Teresa M. Bejan writes about political theory and history, bringing past perspectives to bear on contemporary questions.
In 2021, Professor Bejan was awarded the Philip Leverhulme Prize in Politics, which celebrates early career researchers who have already achieved international recognition and have exceptional future promise.
Other awards include the Britain and Ireland Association for Political Thought’s Early Career Prize (2020), a Leverhulme Research Fellowship (2018), the Balzan-Skinner Fellowship in Modern Intellectual History at Cambridge (2016), the American Political Science Association’s Leo Strauss Award for the best doctoral dissertation in political philosophy (2015), and a Mellon Research Fellowship in the Columbia Society of Fellows in the Humanities (2013-2014). In the 2020-2021 academic year she was on leave from Oxford as the Fulbright Visiting Chair in Constitutional and Political Theory at McGill University.
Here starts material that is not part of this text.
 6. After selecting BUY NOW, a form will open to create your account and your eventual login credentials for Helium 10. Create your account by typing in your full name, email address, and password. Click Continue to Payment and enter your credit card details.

Professor Bejan’s research brings historical perspectives to bear on questions in contemporary political theory. She has written extensively on themes of free speech, civility, tolerance and equality in historical contexts ranging from ancient Athens to 20th-century analytic political philosophy.
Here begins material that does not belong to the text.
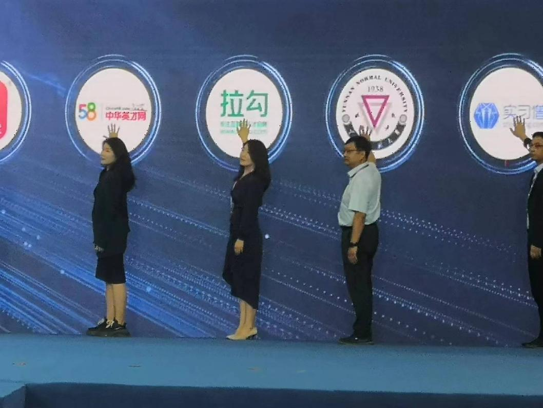 启动仪式上,教育部会同中国长江三峡集团为2022年“全国高校毕业生基层就业卓越奖”获奖师生代表颁奖。必赢官网党委常委、副校长甘健侯受邀与Boss直聘、中智招聘、河北省教育厅、前程无忧、中华英才、拉勾、实习僧代表上台联合触屏发布“24365携手促就业精准服务”。

Her first book, Mere Civility: Disagreement and the Limits of Toleration (2017), examined contemporary calls for civility in light of 17th-century debates about religious toleration. It defended an ideal of ‘mere civility’ consistent with American free speech fundamentalism derived from Roger Williams, the founder of Rhode Island. Her second book, tentatively entitled First Among Equals, explores the fascinating but forgotten history of equality before modern egalitarianism, due out in 2023 from Harvard University Press. Her next major research project will be the Clarendon edition of John Locke’s Letters on Toleration.
She has also published peer-reviewed articles in American Journal of Political Science, Journal of Politics, British Journal of Political Science, Political Theory, History of Political Thought, and more. Her Special Forum on “The Historical Rawls” for Modern Intellectual History (co-edited with Sophie Smith and Annette Zimmermann) was published in 2021.
Alongside her academic work, Professor Bejan writes regularly for popular venues, including The New York Times, The Atlantic, and The Washington Post. In 2018, she gave a TED Talk ‘Is Civility a Sham?’ which has received over 1.7 million views.